We define $b$ to be the \define{beats function}: $b$~is the number of beats that
occurred since $t = 0$ until the current time. It is assumed to be continuous and
even derivable rather than being a staircase function: $b$~will thus value~$4.5$
when exactly in the middle of beat~$4$, halfway\footnote{Not necessarily halfway
in time units, though.} between pulsations $4$~and~$5$.

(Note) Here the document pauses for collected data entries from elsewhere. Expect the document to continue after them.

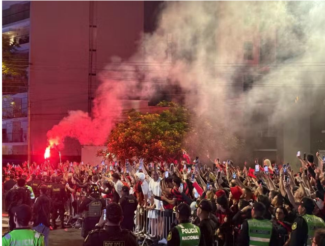
TORCEDORES foram até o hotel, que ficou colorido de vermelho e preto

O elenco do Flamengo pousou em Lima por volta das 22h e chegou ao hotel onde ficou hospedado cerca de 1 hora depois. Desde a tarde da 4ª feira, torcedores se reuniram no bairro de Miraflores em concentração para a recepção aos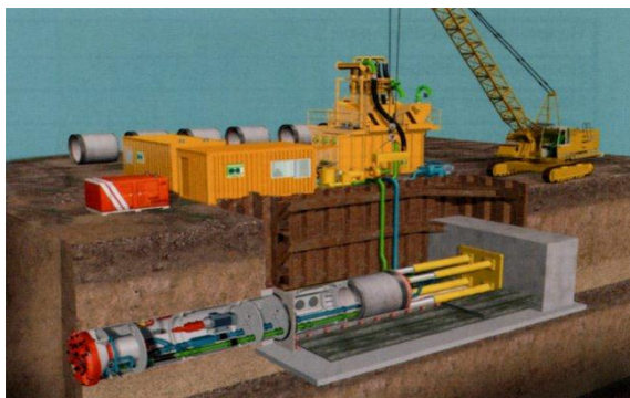
Рисунок 1. Технология микротоннелирования

Технология микротоннелирования. Проход в грунте осуществляется при помощи проходческой машины , или, другими словами, щита(проходческий щит) , который двигает домкратная станция, устанавливаемая на глубине, необходимой для прокладки трубопровода.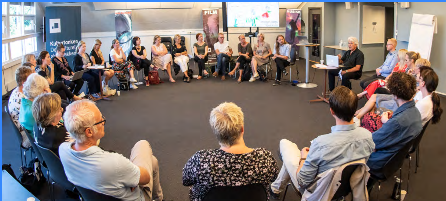
SAMTALAR. I haust deltok over 70 personar på heildagssamtalar om fagområda scenekunst og visuell kunst i Den kulturelle skulesekken (DKS).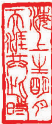
海上生明月 天涯共此时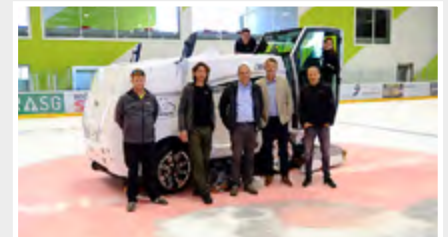
Eine neue WM Mammoth für die Eishalle Lerchenfeld, St. Gallen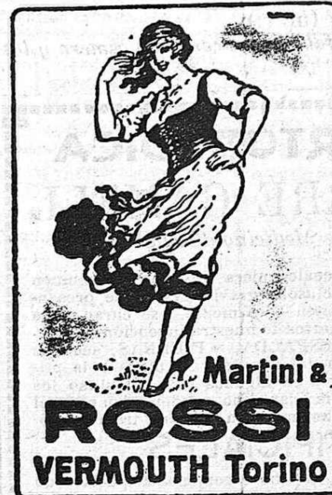
De venta en el Circulo Mercantil.

PIDA USTED SIEMPRE COGNAC V V V Idem EXTRA Idem V. O. G. VINO VIÑA PEMARTIN SOLERA PEMARTIN Jerez de la Frontera. Venta en todos los Establecimientos.

The \define{tempo function}, or simply tempo, is the number~$T$ of pulsations
per unit of time. Thus $T = \dfrac{\d b}{\d t}$.
\def\DT{\Delta T}
\def\Dt{\Delta t}
\def\Db{\Delta b}
A \define{tempo ramp} is a definition of $T$ for $0 \le t \le \Dt$ such that
$T_{t=0} = T_0$ and $T_{t=\Dt} = T_{\text{end}} = T_0 + \DT$ where $\Dt$, $T_0$
and $T_{\text{end}}$~or~$\DT$ are given. Most of the times they are set by the
user, but $\Dt$ can be sometimes defined in beats, that is be the unique~$\Dt$
such that $b_{|t=\Dt} = \Db$.
\subsection{Linear tempo ramping}
The simplest definition that comes to mind is a tempo ramp where the tempo
increases from $T_0$~to~$T_0 + \DT$ \emph{linearly} with time.
Here $T = T_0 + \dfrac{\DT}{\Dt}\times t$, and thus
$b = \dfrac{\DT}{2\Dt}\times t^2 + T_0 \times t$, assuming $b_{|t=0} = 0$.
If $\Dt$~is defined implicitly from a duration~$\Db$ in beats, then
\[ \Db = \dfrac{\DT}{2\Dt}\times \Dt^2 + T_0 \Dt
= \left( \frac{1}{2}\DT + T_0 \right) \times\Dt \]
thus
\[
\Dt = \dfrac{2\Db}{\DT + 2T_0}
\]
\subsection{Exponential tempo ramping}
\def\e{\mathrm{e}}
Humans are not very good at keeping track precisely of absolute time for long
durations, and are better at comparing short durations, that is maintain a
reasonably stable time span between successive pulsations, and have a precise
sense of elapsed time \emph{in terms of these pulsations}.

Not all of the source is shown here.